Pune
- Full name: Pune Football Club
- Nickname: Red Lizards
- Short name: PFC
- Founded: 21 July 2007; 19 years ago
- Dissolved: 2016; 10 years ago
- Ground: Balewadi Stadium Pune, Maharashtra
- Capacity: 10,900
- Owner: Ashok Piramal Group
- Website: punefc.com
| Home colours | Away colours | Third colours |

= Pune FC =

Former Indian professional association football club

Pune Football Club was an Indian professional football club based in Pune, Maharashtra. The club competed in I-League, then top flight of Indian football league system. The club was one of the most professional clubs in Indian football history, known mainly for their focus on fanfare, professional playing set-up, and focus on youth development. Pune was owned by Ashok Piramal Group.

Founded in 2007, the club was accepted into the I-League in 2009. In their first season in the I-League, the club managed to finish in a surprising third place before having their best ever season during the 2012–13 season in which they finished in second place.

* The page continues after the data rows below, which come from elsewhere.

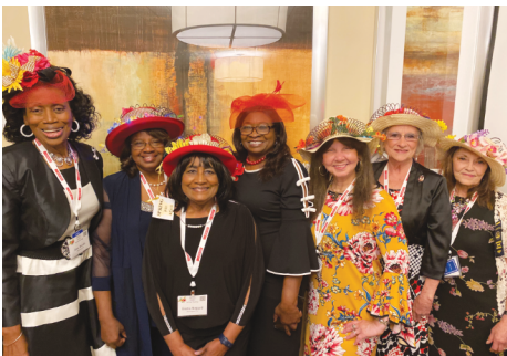
Pictured: The LRTA “Hat Ladies” posing at the pre-convention banquet.

Thank you to everyone who attended the meeting this year. We enjoyed meeting with new and returning members, and we hope you enjoyed the meeting!
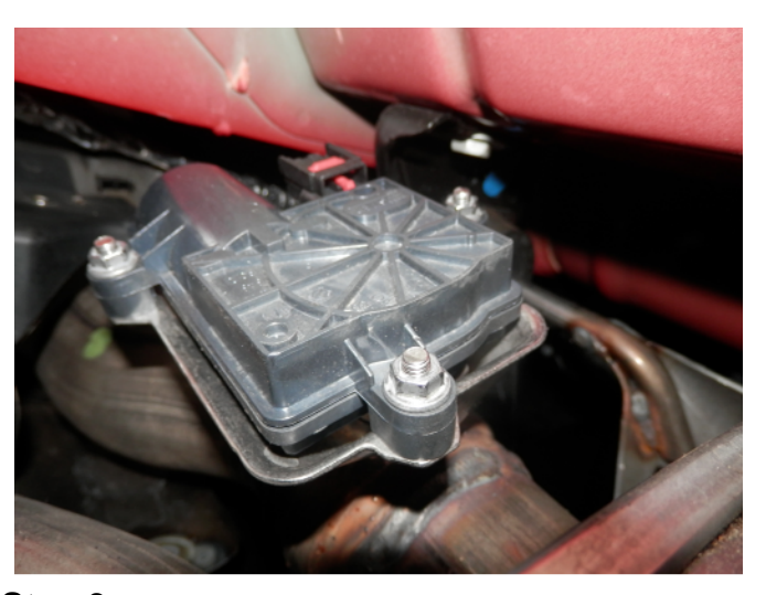
Step 3. Once the OEM system has been removed undo three nuts attaching each exhaust valve motor to the valve and remove.
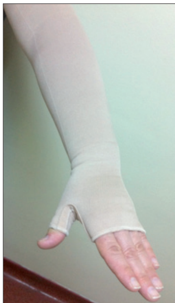
Figure 5. Compression garment for arm.

[45-48]. Strength training should be done progressively. Patients should start with light weights, and their activities should be controlled and supervised at the beginning. The same research that demonstrated that weightlifting was not harmful also showed that upper body exercise for BC survivors with lymphedema as well as those at risk for this condition was also safe. Evidence also exists that indicates that an exercise program for BC survivors consisting of slow progression reduces the symptoms, decreases the incidence of exacerbations of lymphedema, and increases the work capacity of the limb (48-51).

Pune formerly participated in Chennai Football League. The club used to have a rivalry with fellow Maharashtra club Mumbai FC, with whom it contested the "Maha derby". The club was nicknamed "red lizards". They pulled out of I-League earlier 2015–16 season. The main club shut down its operations while Pune F.C. Academy was acquired by ISL club, FC Pune City. It was dissolved in 2016.

==History==

===Foundation===
In 2007, Indian football was in the process of a renovation, mainly with the start of the I-League replacing the old National Football League. However, despite this, the All India Football Federation still had trouble attracting investors to create new clubs, specially outside of West Bengal, Goa, and North East India due to the fact that, despite a good number of fans in these areas and good wages to players, the clubs in these regions still had trouble creating any profit.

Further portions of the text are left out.